BERKELEY — When Vernard Lewis was a little boy, he hunted grasshoppers and fed them to harvester ants. When he brought home bugs he’d trapped in jars, his grandmother told him to “release those creatures.” Lewis did — on the living room floor. His defiance earned him a whipping, but that didn’t stop him.
Lewis would follow his early passion to become a respected global urban entomologist — an expert in household and structural pests. During a colorful 35-year-career, the 66-year-old Hayward resident has taken the war against termites to the slums of Pakistan and Chile, tangled with bed bugs and mass murderer Charles Manson in San Quentin, chomped on Rice Krispies treats made with mealworms, and built a state-of-the-art “villa” where insects can check in but never leave.
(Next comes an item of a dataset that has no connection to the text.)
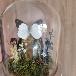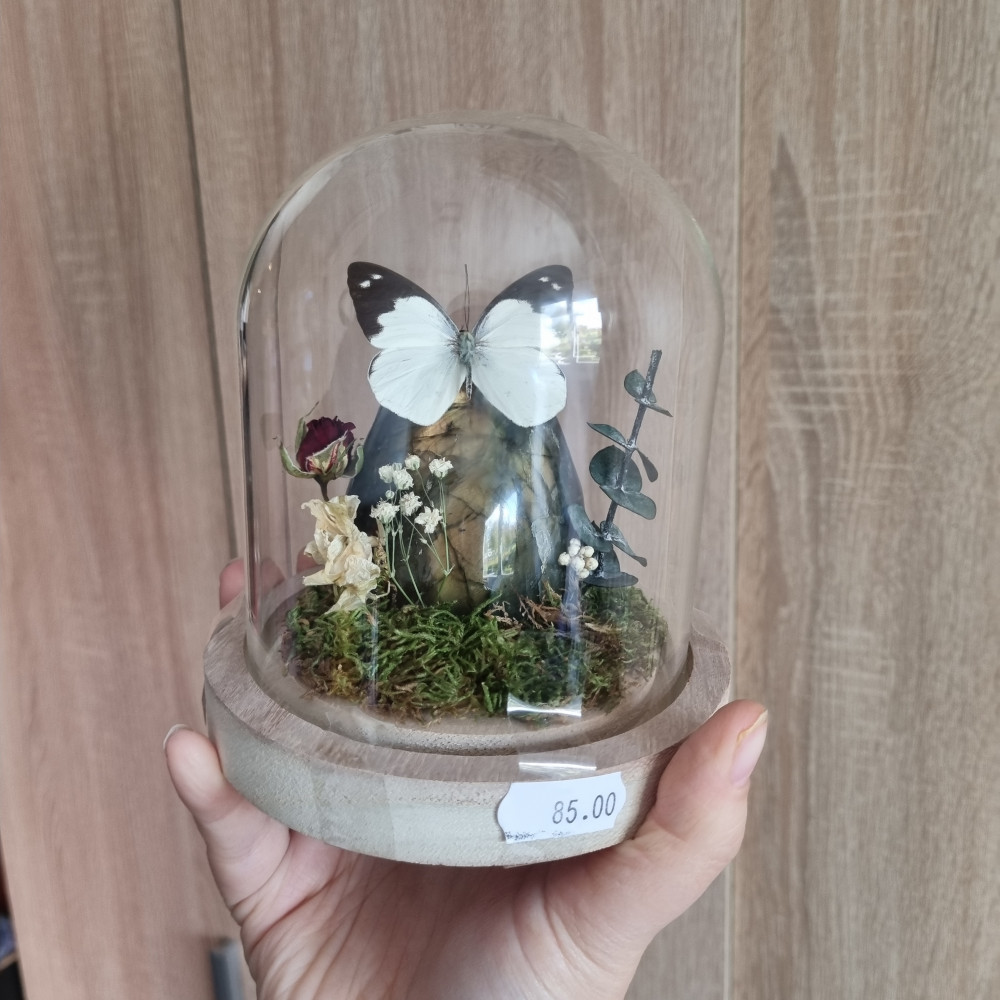 Opgezette vlinder in stolp met labradoriet en droogbloemen.

For the past 26 years, Lewis has been a specialist at UC Cooperative Extension, University of California’s agricultural experiment station. He retired from that post last month, but it’s no cause for celebration for termites.
“I retired from my academic position, but I didn’t retire from the profession,” said Lewis, who will stay on as an emeritus professor and consultant.
Lewis’ work has focused on eradicating structural pests — mostly termites, bed bugs and beetles. Over the years, he’s published 150 papers, given hundreds of presentations and chaired the United Nations’ termite dream team: the Global Termite Expert Group. He also ran his own pest control company. Last year, Lewis was inducted into the Pest Management Professionals Hall of Fame. He is one of the rare African-American entomologists in North America and the first at UC Berkeley.